Object containing the halo catalog and other associated data. Produced by CachedHaloCatalog

model : object

A model built by a sub-class of ModelFactory.

Attributes Summary

number_density Comoving number density of the mock galaxy catalog.
satellite_fraction Fraction of mock galaxies that are satellites.

Methods Summary

compute_fof_group_ids([zspace, b_perp, b_para]) Method computes the friends-of-friends group IDs of the mock galaxy catalog after (optionally) placing the mock into redshift space.
compute_galaxy_clustering([include_crosscorr]) Built-in method for all mock catalogs to compute the galaxy clustering signal.
compute_galaxy_matter_cross_clustering([…]) Built-in method for all mock catalogs to compute the galaxy-matter cross-correlation function.
populate(**kwargs) Method populating halos with mock galaxies.

Attributes Documentation

number_density

Comoving number density of the mock galaxy catalog.

Returns:

number density : float

Comoving number density in units of \((h/Mpc)^{3}\).

satellite_fraction

Fraction of mock galaxies that are satellites.

Methods Documentation

compute_fof_group_ids(zspace=True, b_perp=0.2, b_para=0.75, **kwargs)[source] [edit on github]

Method computes the friends-of-friends group IDs of the mock galaxy catalog after (optionally) placing the mock into redshift space.

Parameters:

zspace : bool, optional

Boolean determining whether we apply redshift-space distortions to the positions of galaxies using the distant-observer approximation. Default is True.

b_perp : float, optional

Maximum linking length in the perpendicular direction, normalized by the mean separation between galaxies. Default is set in model_defaults module.

b_para : float, optional

Maximum linking length in the line-of-sight direction, normalized by the mean separation between galaxies. Default is set in model_defaults module.

num_threads : int, optional

Number of CPU cores to use in the calculation. Default is maximum number available.

Returns:

ids : array

Integer array containing the group ID of each mock galaxy.

Notes

The compute_fof_group_ids method bound to mock instances is just a convenience wrapper around the FoFGroups class. If you wish for greater control over how your galaxy clustering signal is estimated, see the group_ids documentation.

compute_galaxy_clustering(include_crosscorr=False, **kwargs)[source] [edit on github]

Built-in method for all mock catalogs to compute the galaxy clustering signal.

Parameters:

variable_galaxy_mask : scalar, optional

Any value used to construct a mask to select a sub-population of mock galaxies. See examples below.

include_crosscorr : bool, optional

Only for simultaneous use with a variable_galaxy_mask-determined mask. If include_crosscorr is set to False (the default option), method will return the auto-correlation function of the subsample of galaxies determined by the input variable_galaxy_mask. If include_crosscorr is True, method will return the auto-correlation of the subsample, the cross-correlation of the subsample and the complementary subsample, and the the auto-correlation of the complementary subsample, in that order. See examples below.
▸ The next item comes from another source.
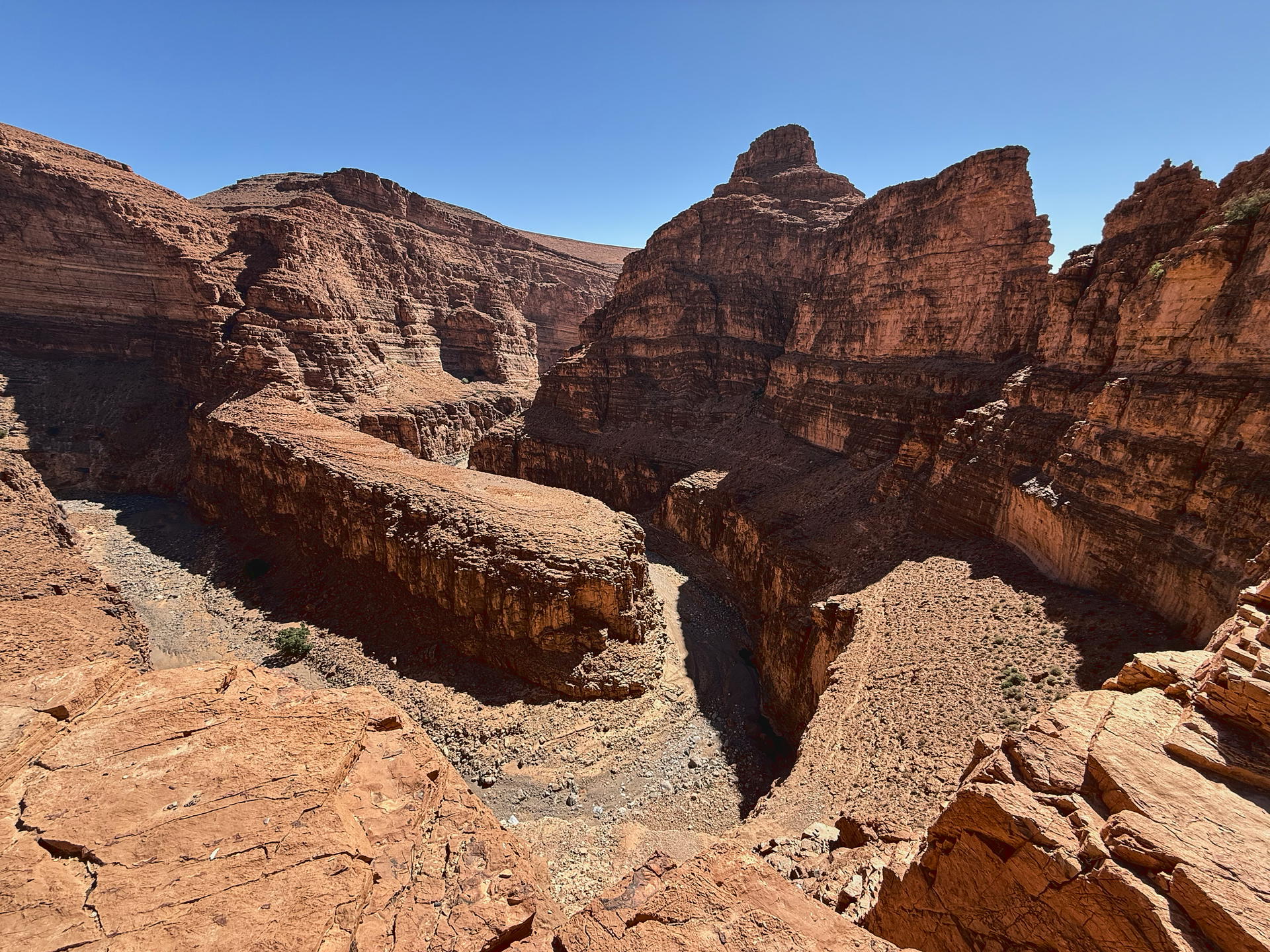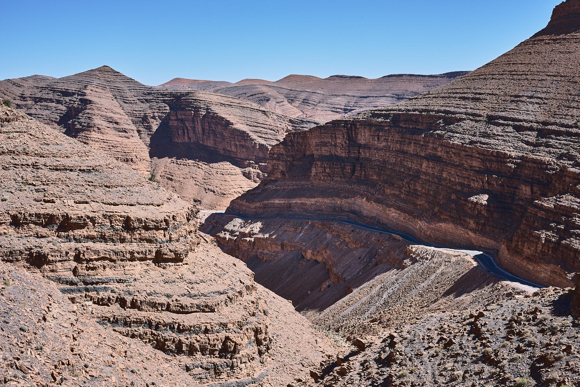 When we did our research about the pass we saw that a couple of highlights were on the way, but we would have to take a different road and circle back to the R107. The “Route Des Canyons” / “Route d’Aoukerda” is a tiny road with many switchbacks and we had heard rumours it might be inaccessible due to severe damage from heavy rainfall. It was a perfect coincidence that the traveller we met at the Tghit Canyon drove this very road a couple of days earlier and was able to confirm we would have no problem taking it. The only caveat was the town at the very end of the road is almost impossible to reach. A trade-off we were happy to accept.

mask_function : array, optional

Function object returning a masking array when operating on the galaxy_table. More flexible than the simpler variable_galaxy_mask option because mask_function allows for the possibility of multiple simultaneous cuts. See examples below.

rbins : array, optional

Bins in which the correlation function will be calculated. Default is set in model_defaults module.

num_threads : int, optional

Number of CPU cores to use in the calculation. Default is maximum number available.

Returns:

rbin_centers : array

Midpoint of the bins used in the correlation function calculation

correlation_func : array

If not using any mask (the default option), method returns the correlation function of the full mock galaxy catalog.

If using a mask, and if include_crosscorr is False (the default option), method returns the correlation function of the subsample of galaxies determined by the input mask.

If using a mask, and if include_crosscorr is True, method will return the auto-correlation of the subsample, the cross-correlation of the subsample and the complementary subsample, and the the auto-correlation of the complementary subsample, in that order. See the example below.

Notes

The compute_galaxy_clustering method bound to mock instances is just a convenience wrapper around the tpcf function. If you wish for greater control over how your galaxy clustering signal is estimated, see the tpcf documentation.

Examples

Compute two-point clustering of all galaxies in the mock:

>>> r, clustering = mock.compute_galaxy_clustering() 

Compute two-point clustering of central galaxies only:

>>> r, clustering = mock.compute_galaxy_clustering(gal_type = 'centrals') 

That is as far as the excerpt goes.